← Back to blog

Runtime Tracing for AI Agents: What Your OpenClaw Agent Actually Does Inside the Container

February 15, 2026 by Mario Candela
runtime security AI agent monitoring eBPF
Runtime Tracing for AI Agents: What Your OpenClaw Agent Actually Does Inside the Container

Executive Summary

Attribute Detail
Tool Azazel
Technology eBPF (CO-RE, BTF-based)
Target OpenClaw Gateway agents running in Docker containers / Generic containers
Hook Points 19 (tracepoints + kprobe)
Output NDJSON, ready for Elasticsearch/Splunk/jq

Bottom Line: AI agents operating in autonomous loops execute significantly more syscalls than their prompts suggest. Application-level logging captures what the agent reports doing, not what it actually does at the operating system level. Azazel provides kernel-level visibility into every process execution, file access, network connection, and security-relevant event inside the agent’s container, using eBPF tracepoints that the agent cannot disable, modify, or detect.

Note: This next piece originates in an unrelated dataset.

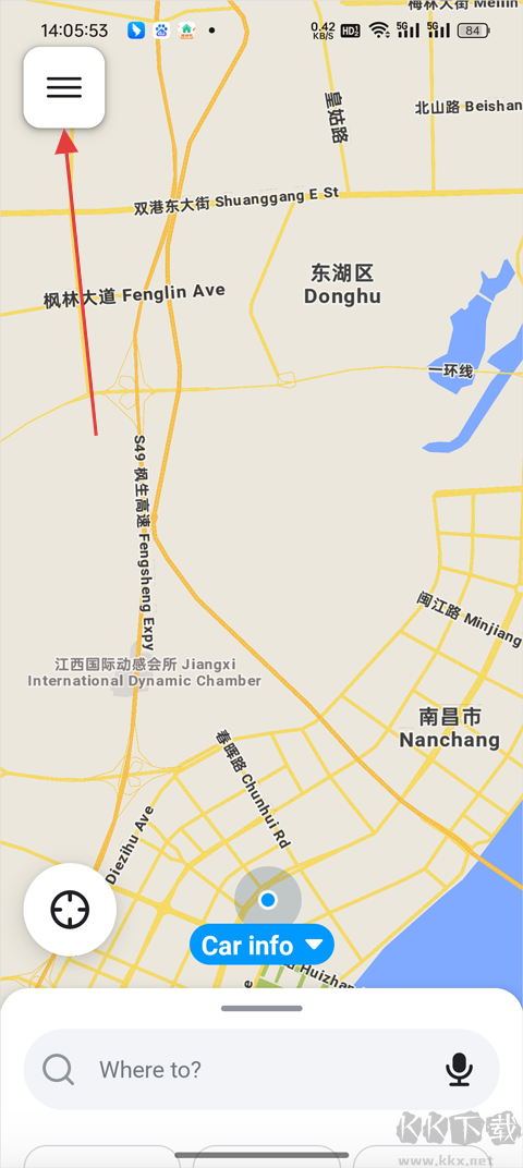1、首先打开Waze应用,点击主界面左上角的“三条横线”图标,进入功能菜单。

Key findings from tracing OpenClaw agent sessions:

  • A simple "check disk space" prompt generated 47 process_exec events, 312 file_open events, and 8 net_connect events. Application logs reported a single tool invocation
  • Agents routinely access configuration files containing API keys, session history, and channel tokens
  • Process trees reveal hidden subprocess chains invisible to application-level observability

1. The Problem

1.1 The Agent Trust Gap

OpenClaw is an AI agent platform that runs on your own devices. The agent operates inside a Docker container with access to:

  • A full Linux shell (exec, bash, arbitrary commands)
  • Outbound network connectivity (HTTP, DNS, arbitrary TCP/UDP)
  • Persistent filesystem (configuration, credentials, session history)
  • Connected channels (WhatsApp, Telegram, Slack, Discord, iMessage)

The agent runs in an autonomous loop, receiving messages, reasoning, executing tools, and responding, often without human review of individual actions. Between one prompt and the next, the agent may execute dozens of shell commands, open network connections, read and write files, and invoke external tools.

The question is simple: what is the agent actually doing?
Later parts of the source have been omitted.